Purple Radio was an internet and British digital radio station for a gay, lesbian and gay-friendly audience. It was available on a DAB multiplex in London and also online. It was the first full-time gay and lesbian radio station and broadcast 24 hours a day, with live broadcasts from a different nightclub every night.

Purple Radio was launched in 2001 and merged with Gaydar Radio in 2003.

==Format==
The station played a mix of dance and mainstream pop music, interspersed with chat and news. Live shows took place during the day, with Programme Controller Pete Flynn (who now runs SFM Radio) presenting the breakfast show at launch.

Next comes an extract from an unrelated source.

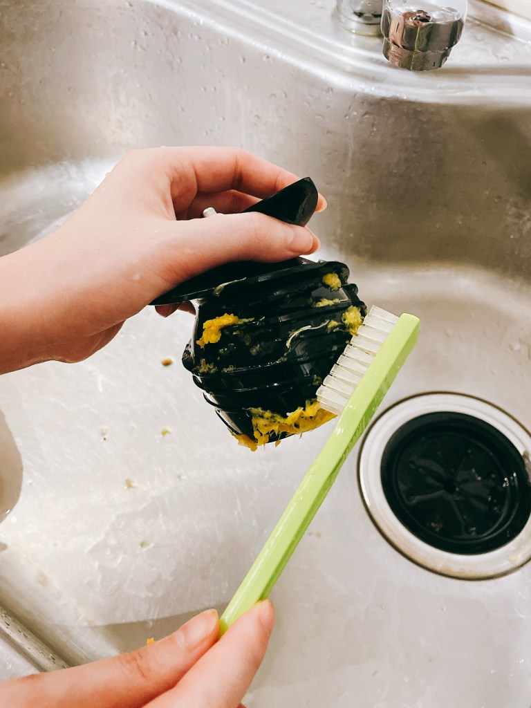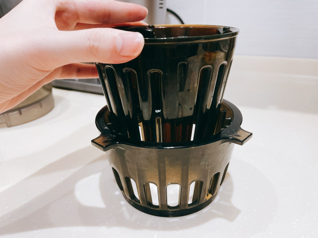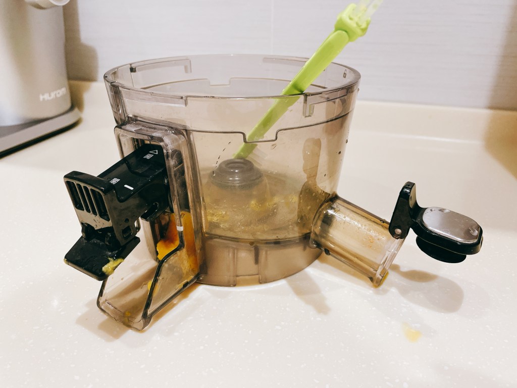 98%的果渣都直接排向外部,殘餘在機體上的果渣都能用附贈的小刷子輕鬆快速清洗,手腳俐落的煮婦如我,差卸加清洗的時間約莫2分鐘內,比處理水果的時間還短呢!

Purple Radio's unique programming came in the form of close involvement with London's gay and lesbian nightclubs. Early evening programming saw DJs introducing their favourite tracks to listeners in a unique mix of chat and music.

From 10pm each night the station broadcast live from a different nightclub, using ISDN codec including Heaven (nightclub).

The station was based above London's Hanover Grand nightclub, a grand nightspot which was later demolished to make way for a shopping centre just off London's Oxford Street.

Originally broadcast over the internet, the station was one of the first to start broadcasting on British digital radio station a short time after the BBC launched its first digital station

Purple Radio used the tagline "The Digital Soundtrack to Gay Life in London" and also "The World's Fastest Growing Radio Station".

==History==
Purple Radio was launched in 2001 with the backing of Kelvin MacKenzie and Lord Waheed Alli, and was a part of a bouquet of services provided by the Digital Radio Group (then part of the GWR Group).

In 2003, to save costs, the station took the decision to merge with Gaydar Radio. Gaydar Radio eventually took the decision not to continue with Purple Radio as a separate output and put in a submission to the Radio Authority to take over Purple's frequency, and gained a DAB outlet on the London 3 Digital multiplex in 2004. Gaydar Radio then was taken on by Gaydio, which broadcasts in cities across the UK today.

==Notable presenters==
- Pete Flynn (Programme Director)
- Cristo Foufas
- Terry Nunn (presented Terry's Top Tunes)
- Mark Young (the on-air name of Communications Manager Colm Howard-Lloyd)
- Nicholas Chistostomou (of club Coco Lattee)
- Simon Hobart (of club Popstarz)
- Jason McCrossan
- Steve Power
- Neil Veglio
- Tobyn Cleeves

==Purple in the Park==
To help market the radio station, and to revive the dormant Summer Rites festival, the radio station launched a two-day music festival in 2002.

Acts for the 50,000 capacity festival included Grace Jones and Yoko Ono.